Voice operation device, method and recording medium for recording voice operation program
A technology of speech synthesis and sound quality, which is applied in speech synthesis, speech analysis, infrastructure engineering, etc., and can solve problems such as the difference between sound quality and speech content
Inactive Publication Date: 2005-08-24
YAMAHA CORP
1 Cites 1 Cited by
AI-Extracted Technical Summary
Problems solved by technology
[0004] However, in the above-mentioned phoneme database, only one type of phoneme data uttered by a specific speaker (for example, a male speaker) is registered.

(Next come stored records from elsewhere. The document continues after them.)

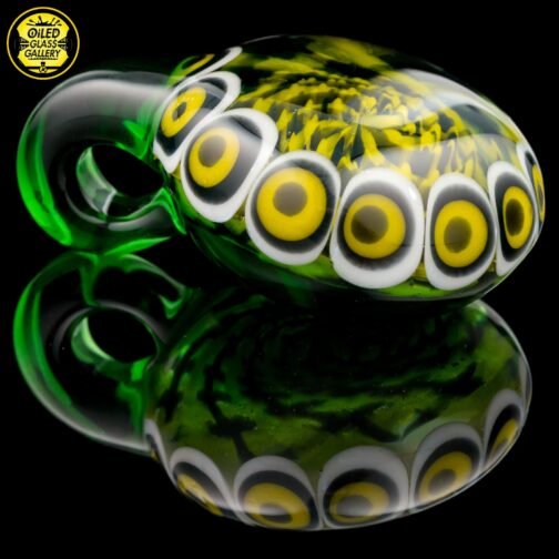 2017 2.25in x 1.75in Black & Yellow Retticello Implosion center encased in Green with White, Black, and Yellow dotstack pendant.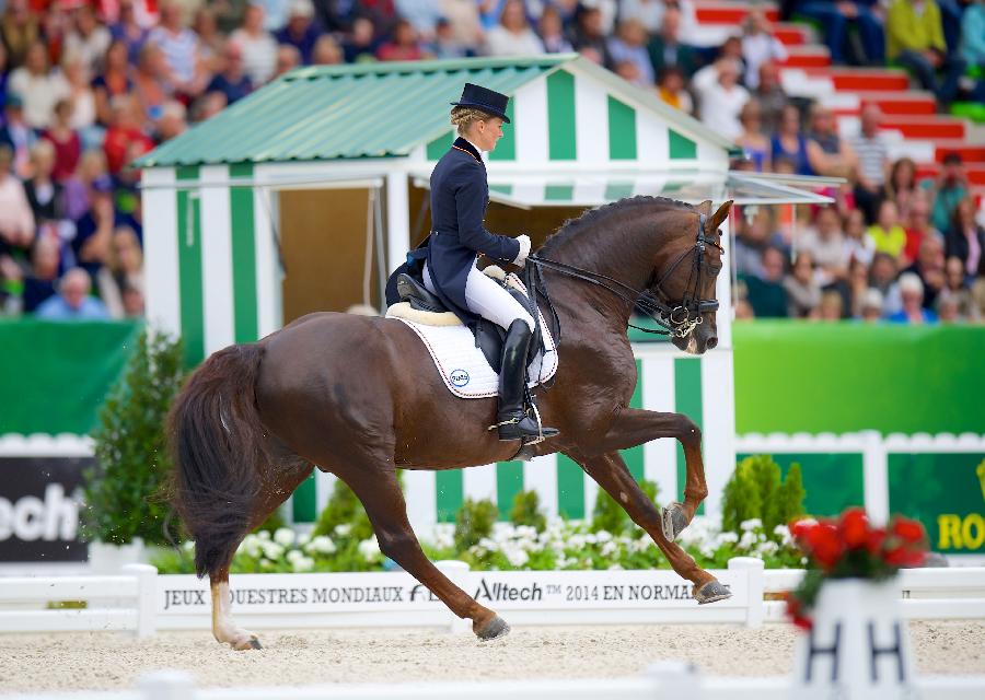 8月27日,在法国诺曼底举行的世界马术运动会上,英国传奇骑手、奥运冠军夏洛特·杜雅尔丹夺得盛装舞步金牌,德国骑手兰杰汉尼伯格和克里斯蒂娜-斯皮尔分获亚、季军。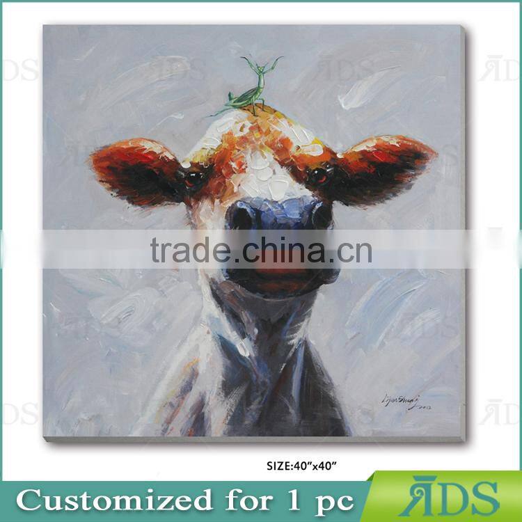 2017 Amazon Hotsell 100% Hand Animal Oil Painting Brown Cow With Stretched Frame Contemporary Artwork Ready to Hang 24 x 36 Inch
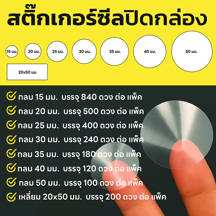 สติ๊กเกอร์ซีล ชนิดพลาสติกใสพิเศษ PET ทรงกลมชนิดแผ่น ติดแน่น ใช้ง่าย มีหลายขนาด เหมาะสำหรับปิดกล่อง เอกสารทั่วไป

Therefore, for example, in the case of outputting text information ("ちよう..." or "...みたい...
Abstract
Provided is a speech synthesizer etc., capable of synthesizing speeches having various kinds of voice quality even in an environment where large restrictions are imposed on hardware resources. The speech synthesizer 100 which has one kind of phoneme data is provided with a voice quality change part 250 and a voice quality database 260. The voice quality change part 250 performs retrieval from the voice quality database 260 based upon a voice quality data number supplied from a text analysis part 220 as a retrieval key to obtain voice quality parameters. The voice quality change part 250 changes voice quality of each tone that the phoneme data obtained by a phoneme data acquisition part 230 represent based upon the acquired voice quality parameters.
Application Domain
Underwater structuresCultivating equipments +1
Technology Topic
Change voiceSpeech sound +5
Image
Examples
- Experimental program(1)
Example Embodiment
[0035] Hereinafter, embodiments of the present invention will be described with reference to the accompanying drawings.
[0036] A. This Embodiment
[0037] FIG. 1 is a diagram showing a functional configuration of a speech synthesis apparatus 100 according to the present embodiment. In this embodiment, it is assumed that the speech synthesis apparatus 100 is installed in a mobile phone, a mobile terminal such as a PHS (Personal Handyphone System), a PDA (Personal DigitalAssistance), etc., which have relatively limited hardware resources, but the present invention is not limited to this. Can be used in various electronic devices.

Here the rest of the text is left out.